DATASET:
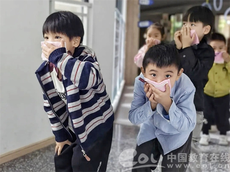 知识记心间,更要践于行。随着急促的警报声响起,消防应急演练正式启动。警报响起后,各班幼儿在老师的指引下,迅速用湿毛巾捂住口鼻,弯腰低姿,按预定路线冷静、快速地向安全地带疏散。演练中,教师们分工明确,前后守护;各点位负责人沉着指引,确保整个疏散过程忙而不乱、高效有序。
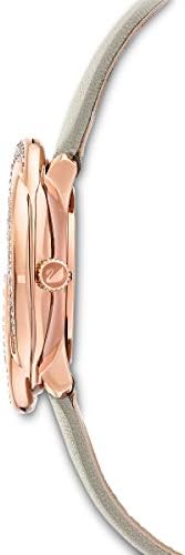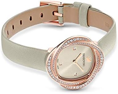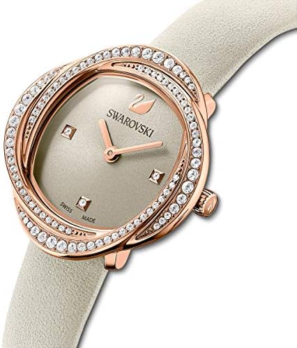 【Attention to Materials and Quality】Swiss quartz analog watch with rose gold-tone coated stainless steel case and leather strap with a grey dial with crystal pave. Dial features crystal index markers and Swarovski logo at 12 o’clock
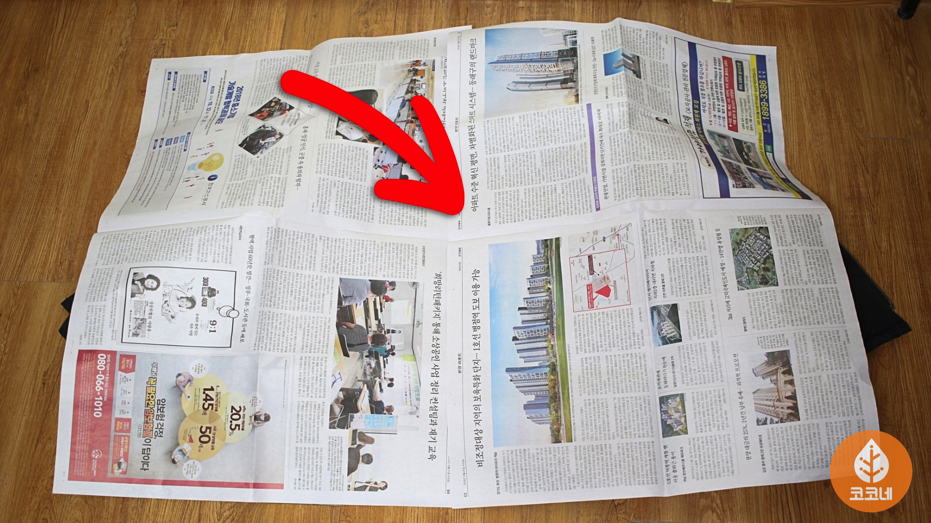 깨끗한 신문지로 패딩 전체를 덮어주세요.
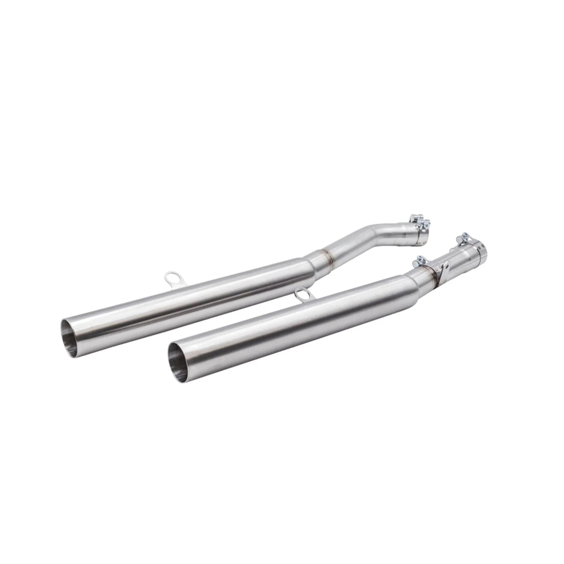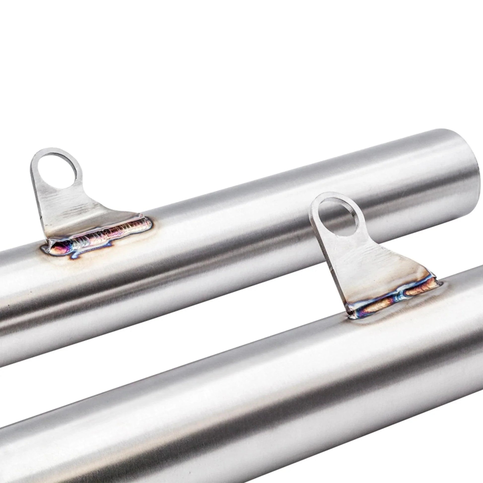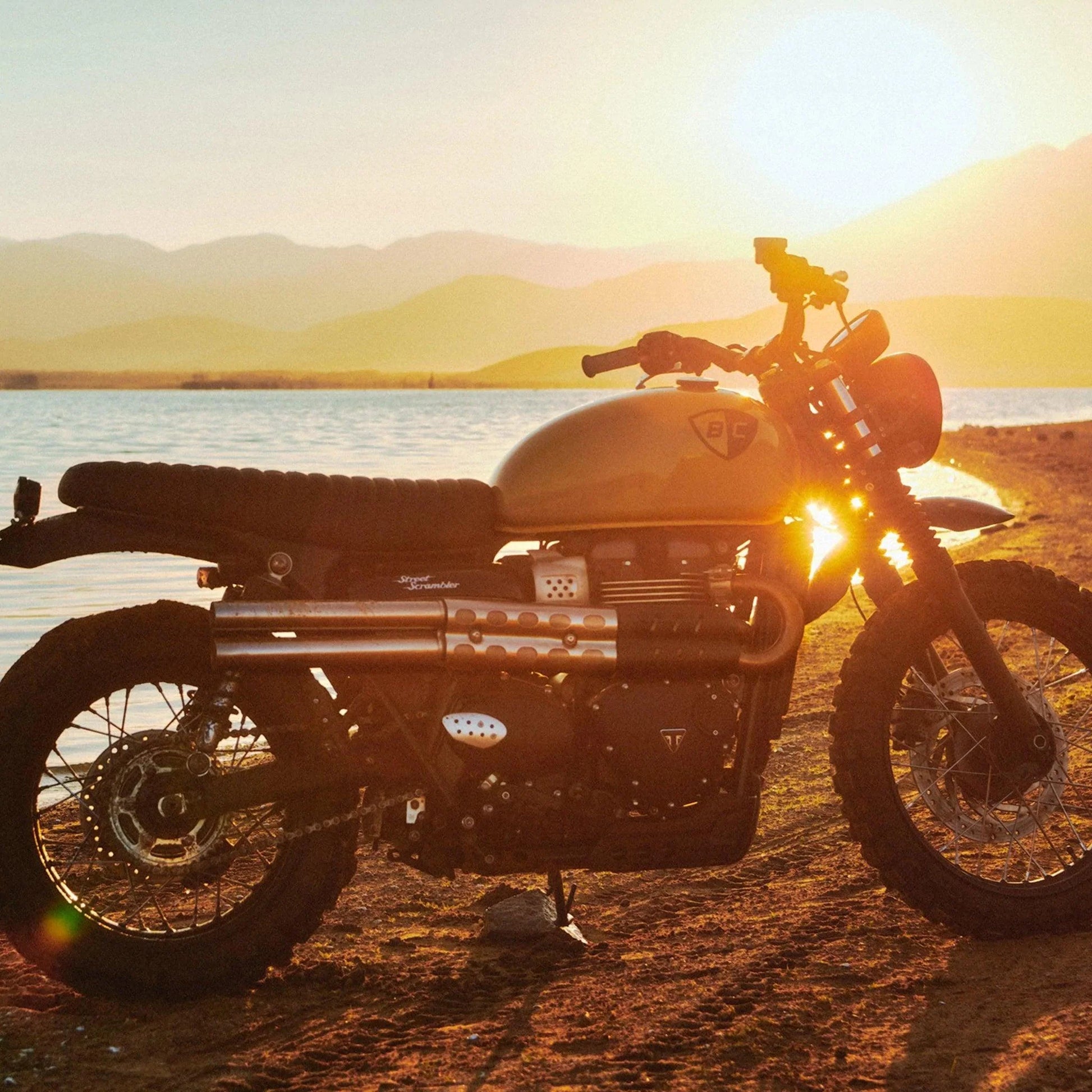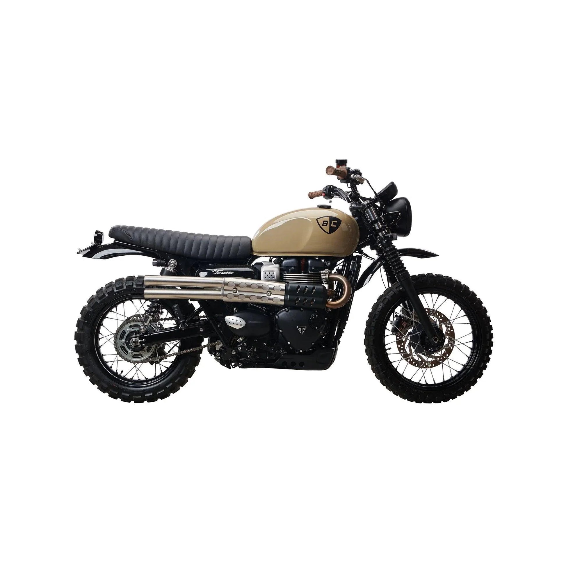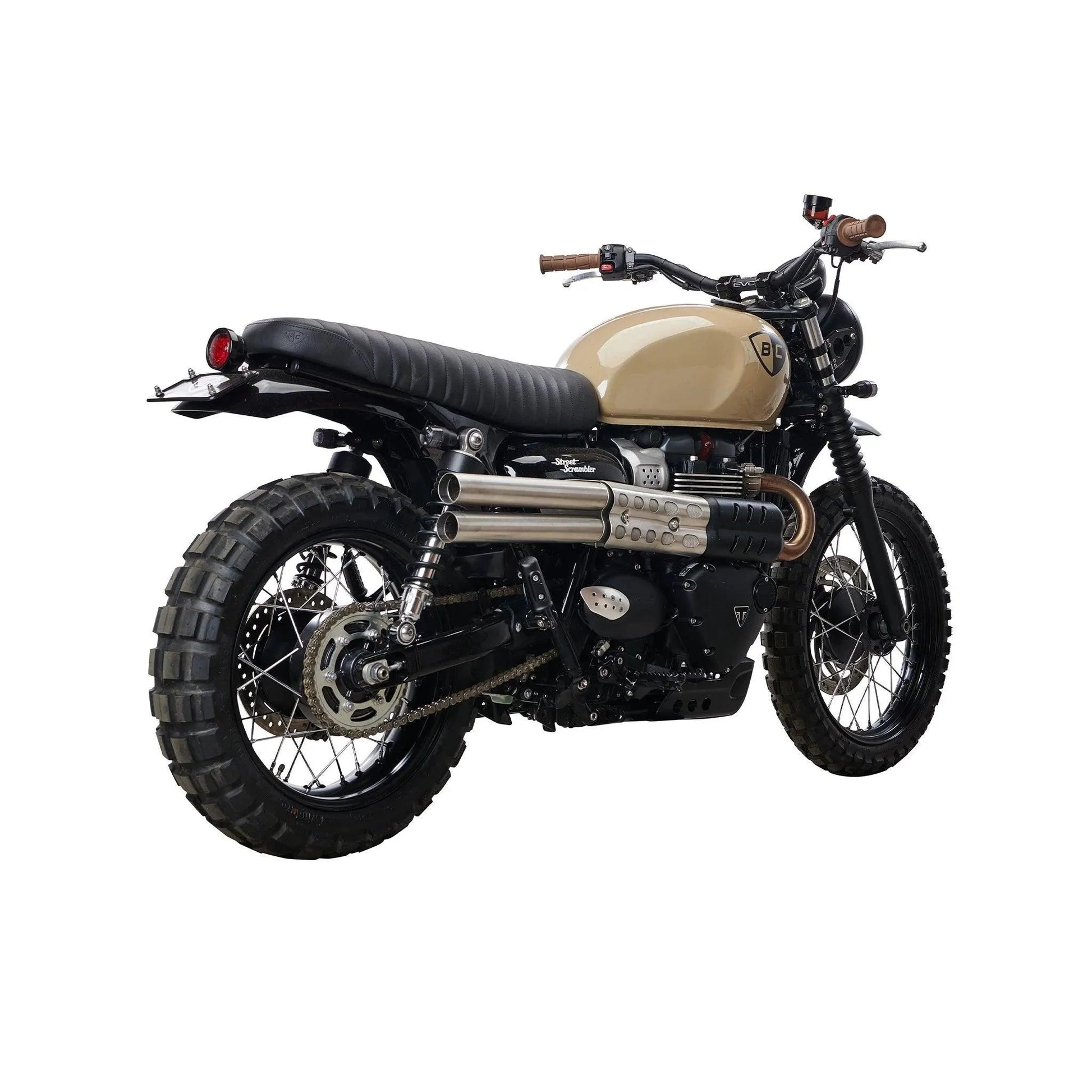 Unlike any other straight pipes on the market, this Triumph Scrambler exhaust offers boosted performance with a specially fitted louvered baffle wrapped in stainless steel wool to create the right amount of backpressure. Tried and true since 2012, this Scrambler exhaust pipe design has been tested by Ernie Virgil of Team Empire (see icon video) and most recently was tested on a Street Scrambler out in Ocotillo Wells, CA.
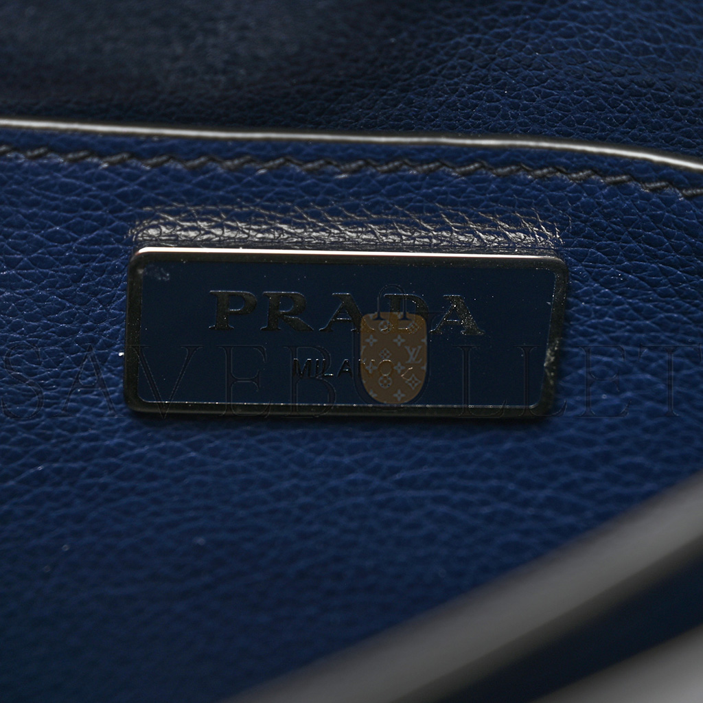 This is an authentic PRADA Glace Calf Shoulder Bag in Baltico. This stylish shoulder bag is crafted of luxurious calfskin leather blue. The bag features a magnetic snap closure, an adjustable shoulder strap, and a Prada logo on the front. The bag opens to a partitioned black fabric interior, with a patch pocket.
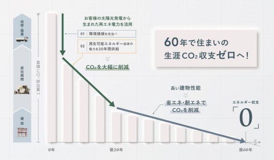 ※4.達成には当社規定の仕様の採用と、ヘーベル電気(earth-tect用)への20年間の加入が必要です。また、プランや仕様によっては達成の時期が前後する場合があります。LCCO2排出の考え方は、環境性能評価ツールであるCASBEE-戸建(新築)2018年版に準拠。一次エネルギー消費量はエネルギー消費性能プログラム(住宅版)により算定、ならびに、“LCCM低層共同住宅部門の基本要件(LCCO2)適合判定ツール2024年版 ver.2.0”を参照
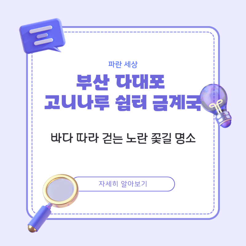 부산에서 초여름의 정취를 느끼고 싶다면 다대포 고니나루 쉼터 금계국이 최고의 선택입니다. 바다를 배경으로 노란 꽃길을 걷는 경험은 여느 관광지에서도 쉽게 접할 수 없는 특별한 순간이 될 거예요. 꽃과 자연, 그리고 여유로운 산책이 함께하는 부산 금계국 여행을 올여름 추천합니다.
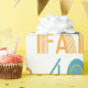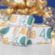 40 & Fab, Modern birthday typography graphic in trendy aqua and golden orange on white background.
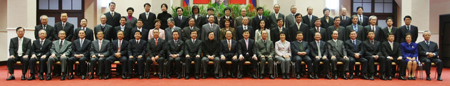 臺灣當(dāng)局“行政院”二十四日下午加開臨時“院會”,通過總辭案!靶姓洪L”張俊雄和全體成員拍“畢業(yè)照”留念。面對媒體關(guān)切和詢問,他不愿發(fā)表意見!爸醒肷纭眻D 蘇圣斌 攝
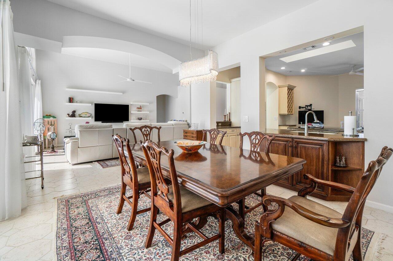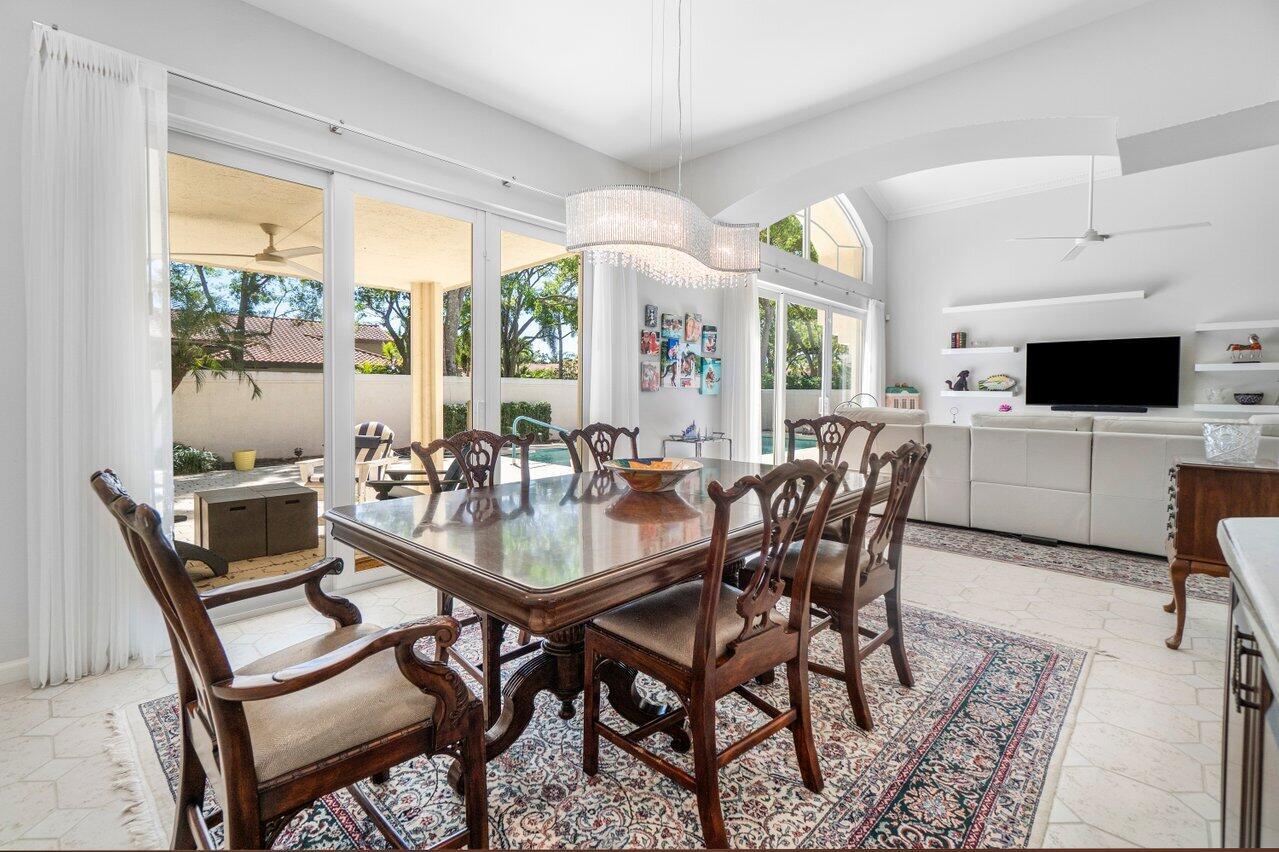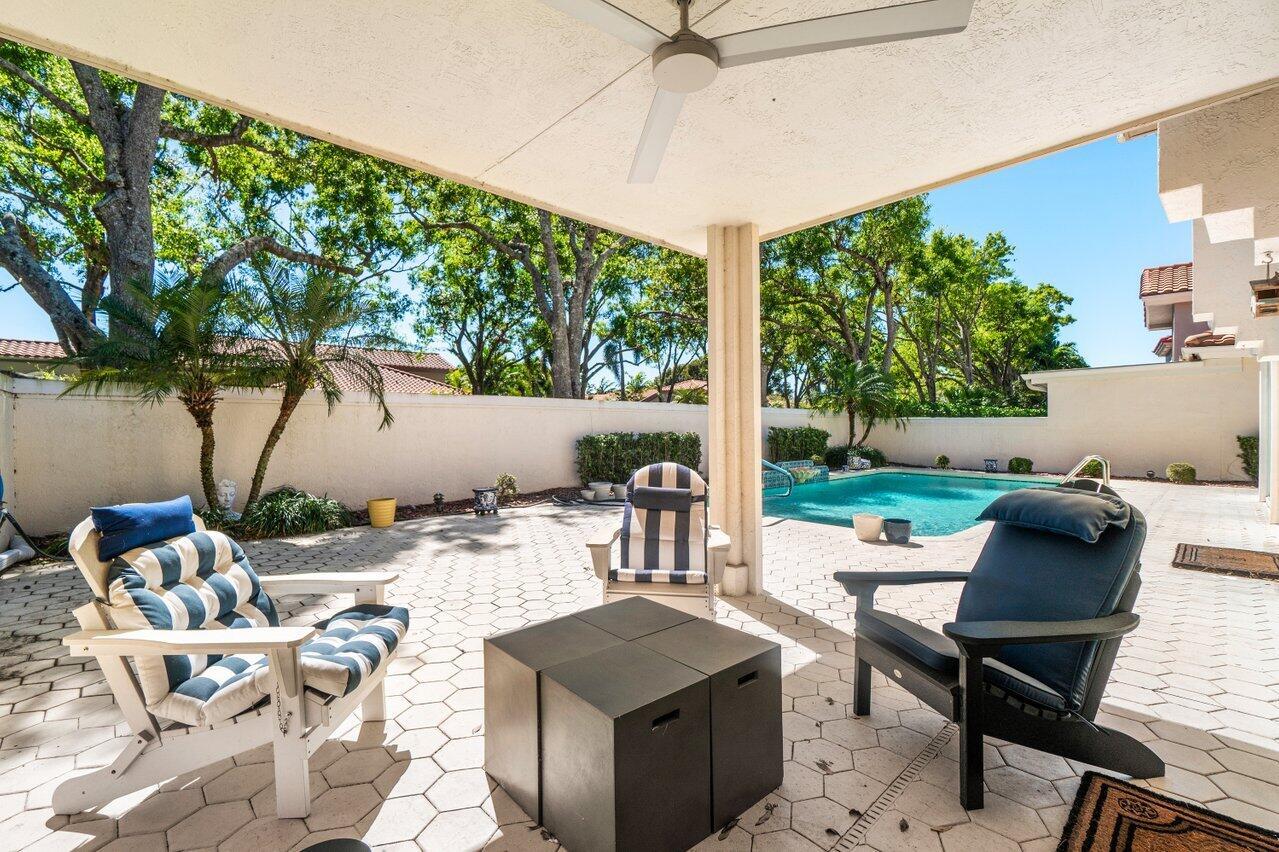 This light, bright, and spacious residence offers a haven of privacy and comfort in central Boca Raton. The single story property boasts 3 bedrooms and 3 full bathrooms and a triple-split plan, providing ample space for everyone.As you enter, you're greeted by the impressive great room with high vaulted ceilings and open views of the private pool and patio, creating an inviting atmosphere perfect for relaxation and entertainment. Step into the large eat-in kitchen, featuring an island and abundant cabinet and counter space, ideal for culinary adventures. There is a formal dining room perfect for dinner parties. There is plenty of storage space throughout, with large walk-in custom closets in 2 bedrooms. Relax and entertain in your private backyard oasis, complete with a heated pool

REQUIRED ACTION: Without including any pictures, print all of the material exactly as given.

ANSWER SECTION:
 知识记心间,更要践于行。随着急促的警报声响起,消防应急演练正式启动。警报响起后,各班幼儿在老师的指引下,迅速用湿毛巾捂住口鼻,弯腰低姿,按预定路线冷静、快速地向安全地带疏散。演练中,教师们分工明确,前后守护;各点位负责人沉着指引,确保整个疏散过程忙而不乱、高效有序。
 【Attention to Materials and Quality】Swiss quartz analog watch with rose gold-tone coated stainless steel case and leather strap with a grey dial with crystal pave. Dial features crystal index markers and Swarovski logo at 12 o’clock
 깨끗한 신문지로 패딩 전체를 덮어주세요.
 Unlike any other straight pipes on the market, this Triumph Scrambler exhaust offers boosted performance with a specially fitted louvered baffle wrapped in stainless steel wool to create the right amount of backpressure. Tried and true since 2012, this Scrambler exhaust pipe design has been tested by Ernie Virgil of Team Empire (see icon video) and most recently was tested on a Street Scrambler out in Ocotillo Wells, CA.
 This is an authentic PRADA Glace Calf Shoulder Bag in Baltico. This stylish shoulder bag is crafted of luxurious calfskin leather blue. The bag features a magnetic snap closure, an adjustable shoulder strap, and a Prada logo on the front. The bag opens to a partitioned black fabric interior, with a patch pocket.
 ※4.達成には当社規定の仕様の採用と、ヘーベル電気(earth-tect用)への20年間の加入が必要です。また、プランや仕様によっては達成の時期が前後する場合があります。LCCO2排出の考え方は、環境性能評価ツールであるCASBEE-戸建(新築)2018年版に準拠。一次エネルギー消費量はエネルギー消費性能プログラム(住宅版)により算定、ならびに、“LCCM低層共同住宅部門の基本要件(LCCO2)適合判定ツール2024年版 ver.2.0”を参照
 부산에서 초여름의 정취를 느끼고 싶다면 다대포 고니나루 쉼터 금계국이 최고의 선택입니다. 바다를 배경으로 노란 꽃길을 걷는 경험은 여느 관광지에서도 쉽게 접할 수 없는 특별한 순간이 될 거예요. 꽃과 자연, 그리고 여유로운 산책이 함께하는 부산 금계국 여행을 올여름 추천합니다.
 40 & Fab, Modern birthday typography graphic in trendy aqua and golden orange on white background.
 臺灣當(dāng)局“行政院”二十四日下午加開臨時“院會”,通過總辭案!靶姓洪L”張俊雄和全體成員拍“畢業(yè)照”留念。面對媒體關(guān)切和詢問,他不愿發(fā)表意見!爸醒肷纭眻D 蘇圣斌 攝
 This light, bright, and spacious residence offers a haven of privacy and comfort in central Boca Raton. The single story property boasts 3 bedrooms and 3 full bathrooms and a triple-split plan, providing ample space for everyone.As you enter, you're greeted by the impressive great room with high vaulted ceilings and open views of the private pool and patio, creating an inviting atmosphere perfect for relaxation and entertainment. Step into the large eat-in kitchen, featuring an island and abundant cabinet and counter space, ideal for culinary adventures. There is a formal dining room perfect for dinner parties. There is plenty of storage space throughout, with large walk-in custom closets in 2 bedrooms. Relax and entertain in your private backyard oasis, complete with a heated pool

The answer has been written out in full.